One mother who recently gave birth told researchers she was told by the doctor to come for private visits.

“For me, it was an opportunity I had to seize in order to be well attended. So, until the ninth month, I made my visits without pressure at this doctor’s clinic. I paid more, but it was much better than putting up with the indifference of some nurses at the public hospital,” she said.

With primary health care suffering, people paying for service out of pocket and an overall lack of trained medical staff in the country, Cameroon was struggling with maternity mortality rates and the health and well-being of its mothers and children.

And that is where the Global Financing Facility (GFF) came in.

The GFF provides financing and works with governments and institutions to help prioritize efforts that will help recipient countries reach their set health-related goals. The GFF helps prevent bottlenecks in health care systems, collects data, and finds cost-efficient and sustainable interventions. Ministries of finance and health in the individual countries work with the GFF to decide how to best allocate existing and additional resources to wherever they are most needed.
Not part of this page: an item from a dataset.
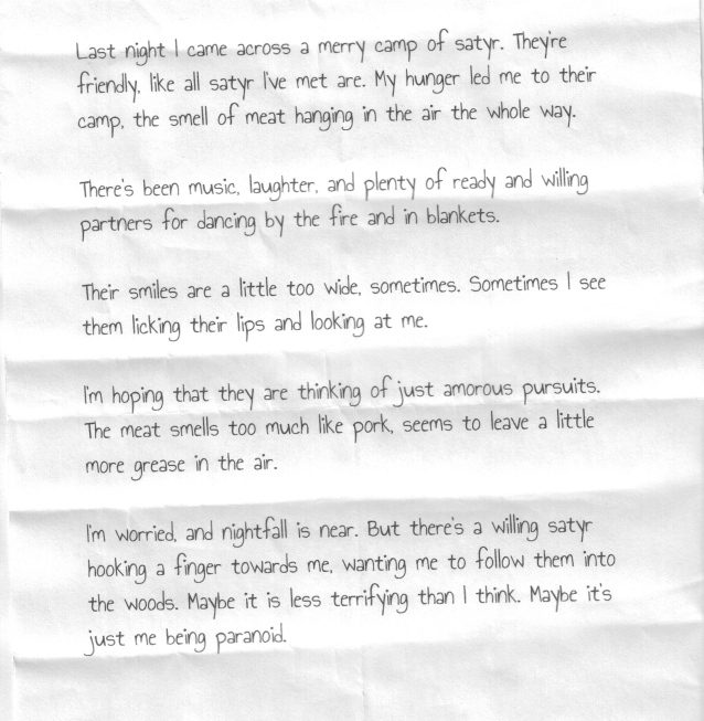 Last night I came across a merry camp of satyr. They're friendly, like all satyr I've met are. My hunger led me to their camp, the smell of meat hanging in the air the whole way.

Cameroon is now looking to the GFF to find ways to invest in health care that will best suit the country’s needs.

In 2016, Louis Montaze, Cameroon’s minister of economy, planning, and regional development, said the country hopes to decrease the chronic malnutrition rate from 32% to 25% by 2019.

“[Working with GFF] has already allowed us to mobilize the government and its partners around [the] areas of health and nutrition of mothers and children, and the creation of a multi-sectoral coordination unit for these activities,” Montaze said at the Human Capital Summit.

The GFF will lead to the reallocation of health spending in a more sustainable way and, hopefully, propel Cameroon forward to meet their 2019 goal — and continue to find new ways to encourage the good health of its next generation.